I have a method which reads files from Hdfs and trying to test this method
I first tried the HDFSMini cluster without any success. Can this type of methods are testable. If so what dependency are required to test it and how to mock the Hdfs File system locally without installing hadoop. There should be no dependency of hadoop installation. I cannot ask everyone who thinks to test to install hadoop.
def readFiles(fs: FileSystem,path: Path): String = {
val sb = new mutable.StringBuilder()
var br : BufferedReader =null
var line : String = ""
try{
if(fs.exists(path)){
if(fs.isFile(path)){
br = new BufferedReader(new InputStreamReader(fs.open(path)))

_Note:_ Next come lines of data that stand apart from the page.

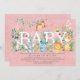 Wasserfarben Safari Tiere Baby Dusche Einladung für ein kleines Mädchen Set auf einem rosafarbenen Boden mit einem koordinierenden Rücken für eine besondere Touch.
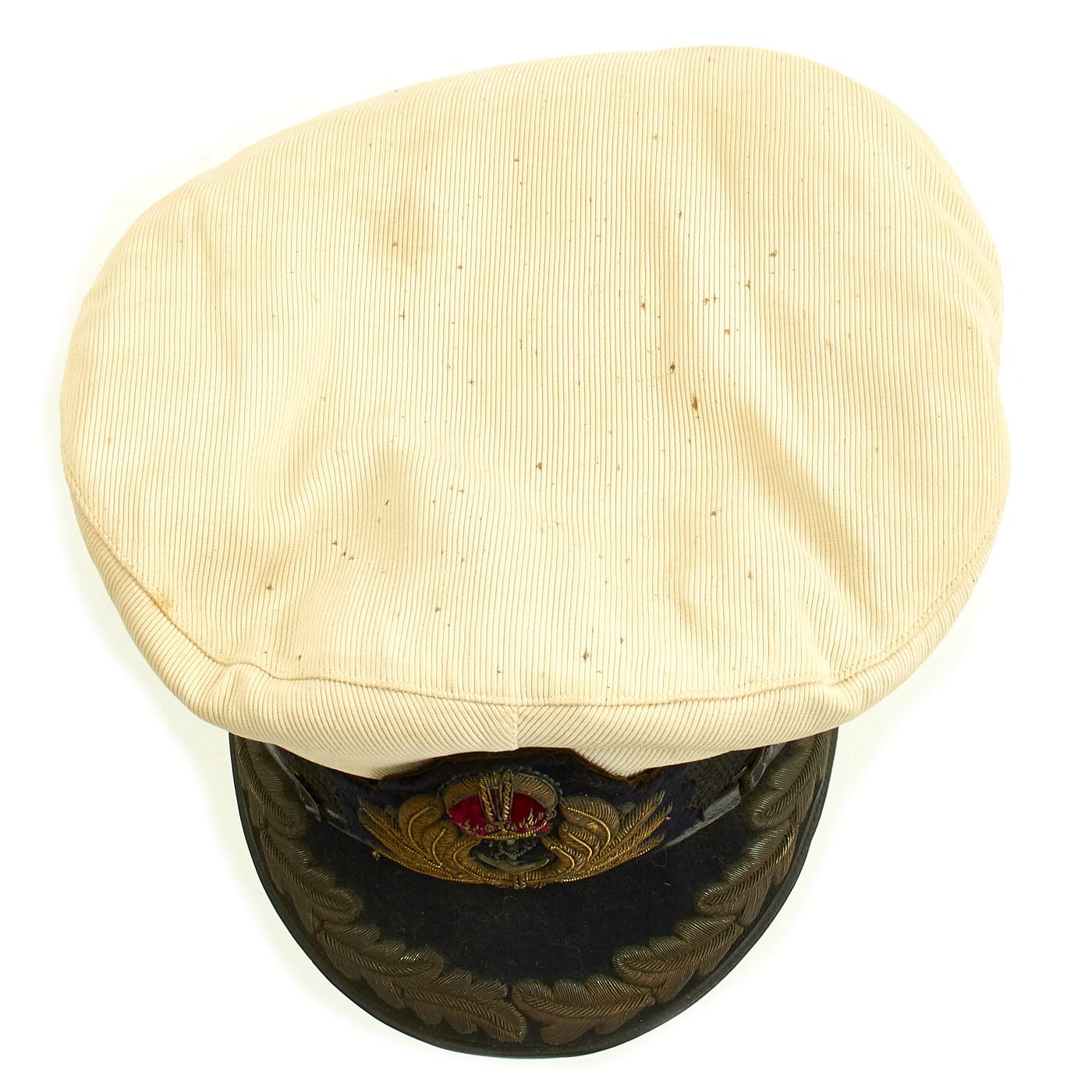 Overall condition of the hat is very good with typical signs of use and age. The cap cover has some age toning, and has been on the cap for a very long time, as the area behind the badge is still white. There is no size marked, but it seems to be around a size 7 1/4 - 7 3/8. We have had very few Royal Navy caps in the past, and they are very scarce on the market.
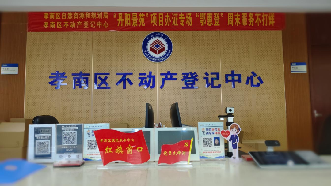 孝感市孝南区不动产登记中心在7月1日“建党节”开展“‘丹阳景苑’项目办证专场 ‘鄂惠登’周末服务解民忧”活动,全体工作人员利用周末2天时间,成功为该小区105户老龄居民办理了《不动产权证书》。
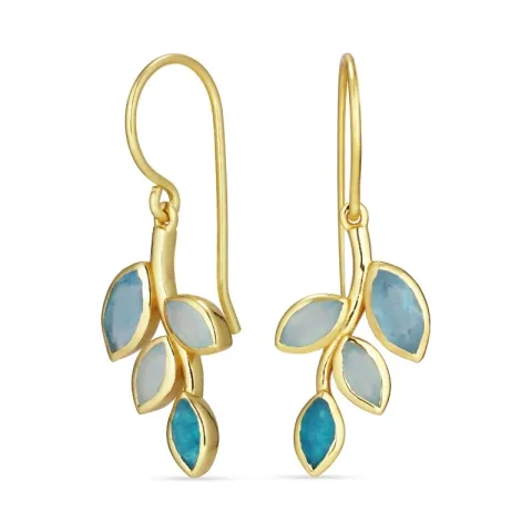 blad blå örhängen i förgyllt silver med blank yta och 2 slät blå syntetiska onyxer och 1 slät blå jadestenar och 1 slät ljusblåa ljusblåa akvamariner.
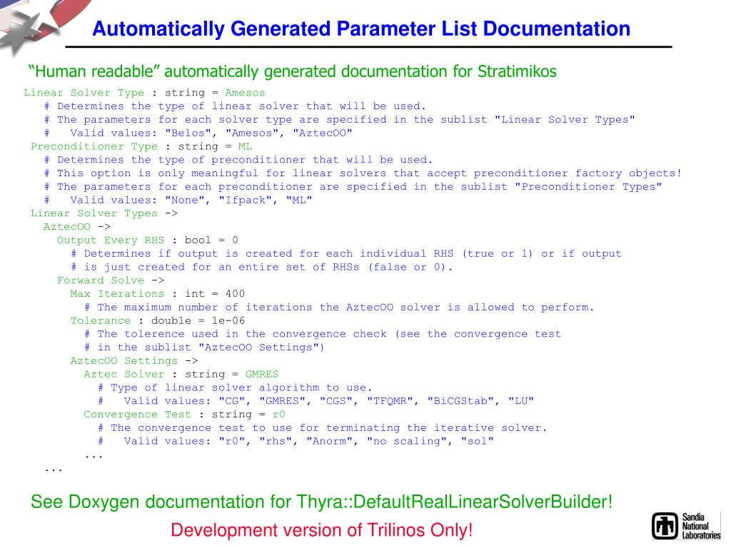 Automatically Generated Parameter List Documentation “Human readable” automatically generated documentation for Stratimikos Linear Solver Type : string = Amesos # Determines the type of linear solver that will be used. # The parameters for each solver type are specified in the sublist "Linear Solver Types" # Valid values: "Belos", "Amesos", "AztecOO" Preconditioner Type : string = ML # Determines the type of preconditioner that will be used. # This option is only meaningful for linear solvers that accept preconditioner factory objects! # The parameters for each preconditioner are specified in the sublist "Preconditioner Types" # Valid values: "None", "Ifpack", "ML" Linear Solver Types -> AztecOO -> Output Every RHS : bool = 0 # Determines if output is created for each individual RHS (true or 1) or if output # is just created for an entire set of RHSs (false or 0). Forward Solve -> Max Iterations : int = 400 # The maximum number of iterations the AztecOO solver is allowed to perform. Tolerance : double = 1e-06 # The tolerence used in the convergence check (see the convergence test # in the sublist "AztecOO Settings") AztecOO Settings -> Aztec Solver : string = GMRES # Type of linear solver algorithm to use. # Valid values: "CG", "GMRES", "CGS", "TFQMR", "BiCGStab", "LU" Convergence Test : string = r0 # The convergence test to use for terminating the iterative solver. # Valid values: "r0", "rhs", "Anorm", "no scaling", "sol" ... ... See Doxygen documentation for Thyra::DefaultRealLinearSolverBuilder! Development version of Trilinos Only!
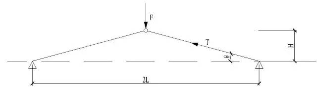基于此,再看以下示例:有兩根相互鉸接的二力桿,兩端是鉸接支座,支座間距為2L,假設L為常數,θ為變量,中間受到一個豎直向下的集中力F作用,如圖2所示。
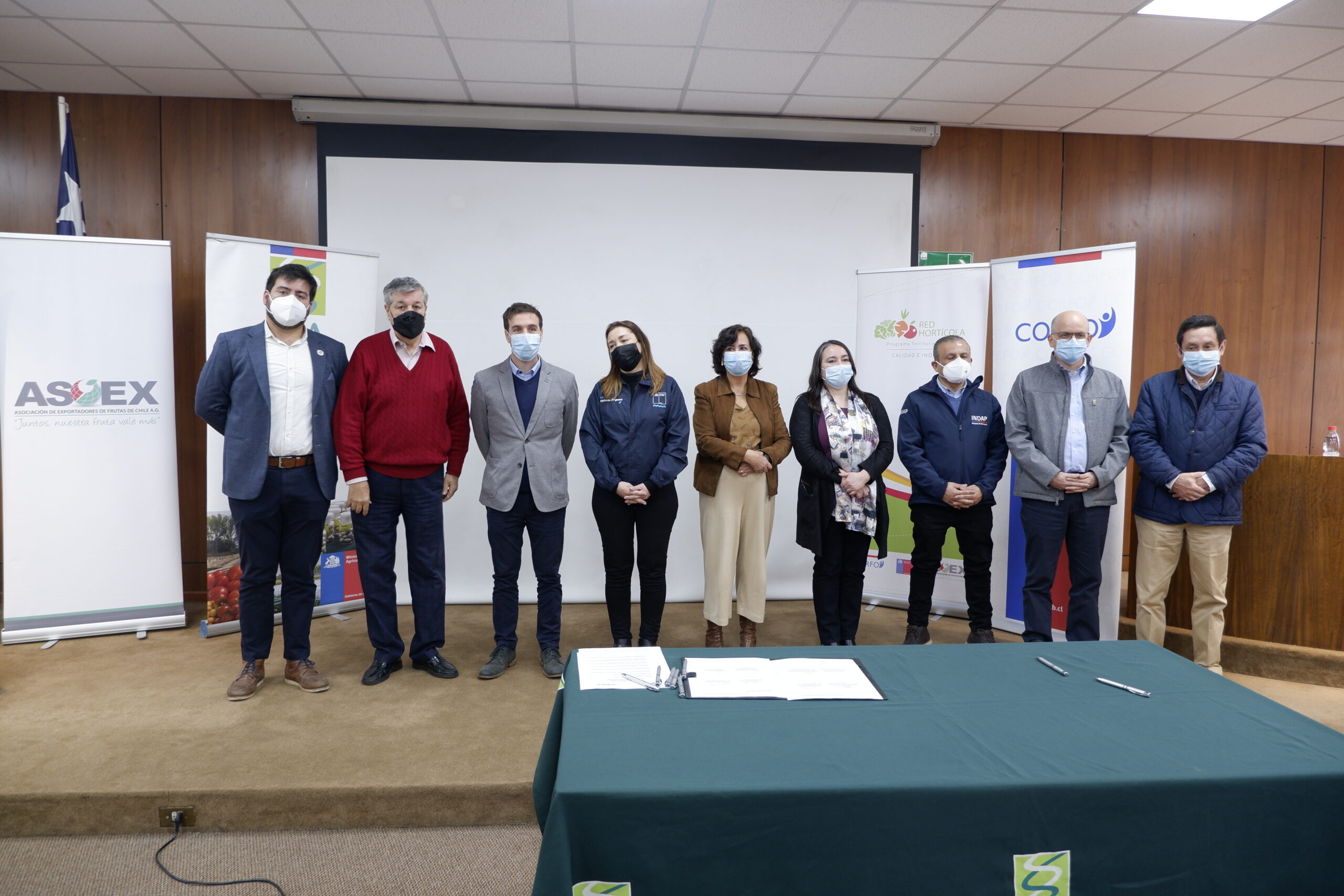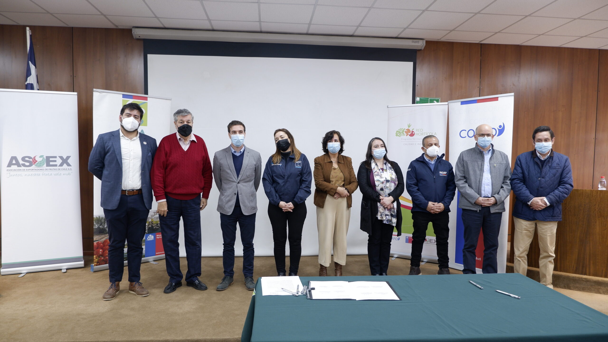 Santiago, 30 de agosto de 2022.- Con el fin de incorporar una estrategia de gestión productiva y de recursos para aumentar la eficiencia y la competitividad del sector hortícola, el Gobierno Regional Metropolitano firmó un Acuerdo de Producción Limpia con la Asociación de Exportadores de Fruta de Chile (ASOEX) y la Agencia de Sustentabilidad y Cambio Climático (ASCC), que contribuirá al desarrollo sustentable de 25 agricultores de Melipilla, Lampa y Paine.
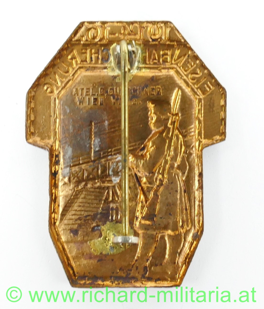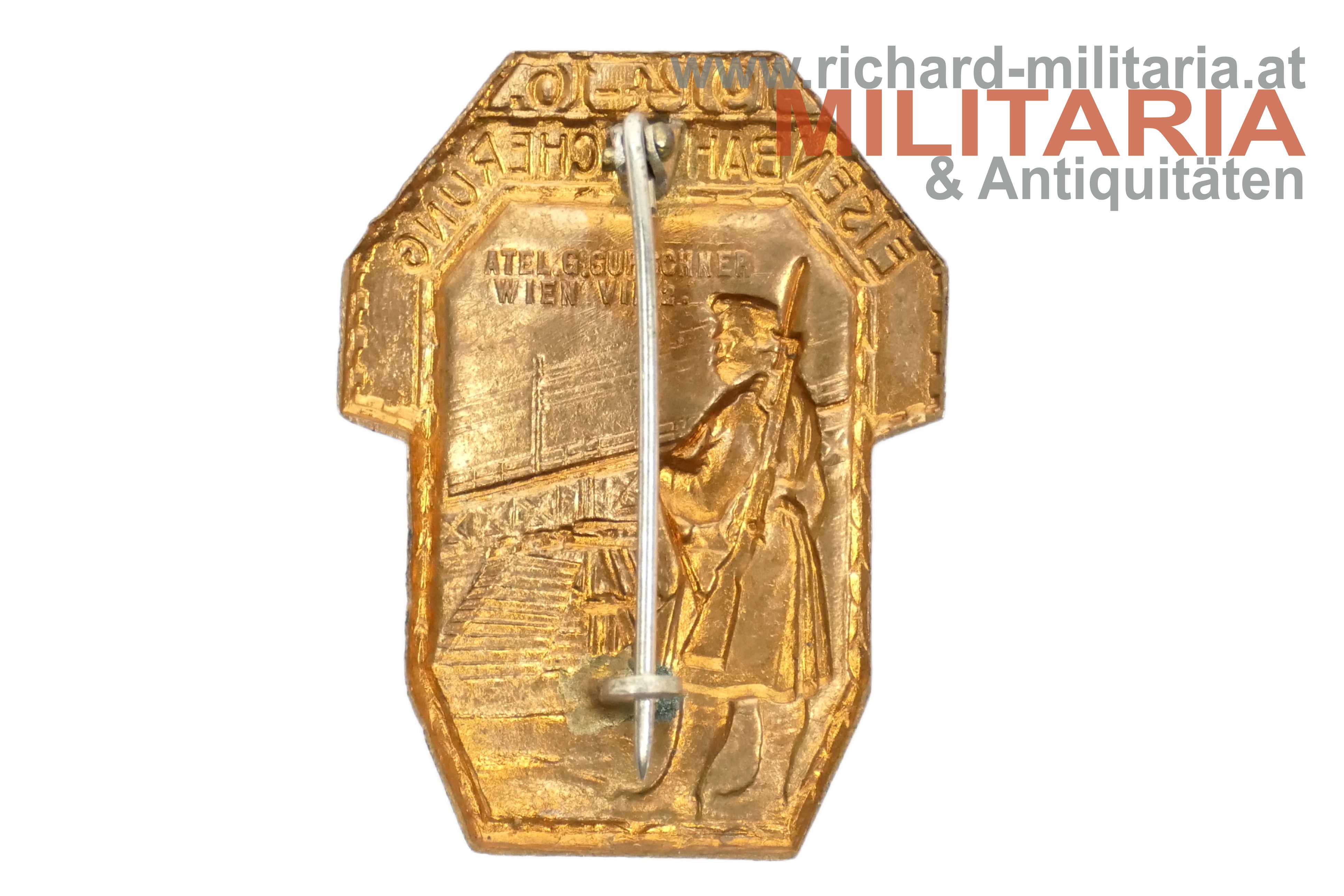 k.u.k. Kappenabzeichen - Eisenbahnsicherung 1914-1916; Tombak; originales Nadelsystem;

while ((line = br.readLine()) != null)
sb.append(line.trim)
} else {
throw new InvalidPathException(s"${path.toString} is a directory, please provide the full path")
}
}else {
throw new InvalidPathException(s"${path.toString} is an invalid file path ")
}
} catch {
case e: Exception => throw e
} finally {
if (br != null){
try {
br.close()
} catch {
case e: Exception => throw e
}
}
}
sb.toString
}
When dealing with org.apache.hadoop.fs.FileSystem (same goes for Spark) I usually store test data files in:
src/test/resources
For instance
src/test/resources/test.txt
Which is accessible by the local org.apache.hadoop.fs.FileSystem using the path relative to the root of your project, i.e. "src/test/resources/test.txt":
test("Some test") {
val fileSystem = FileSystem.get(new Configuration())
val fileToRead = new Path("src/test/resources/test.txt")
val computedContent = readFiles(fileSystem, fileToRead)
val expectedContent = "todo"
assert(computedContent === expectedContent)
}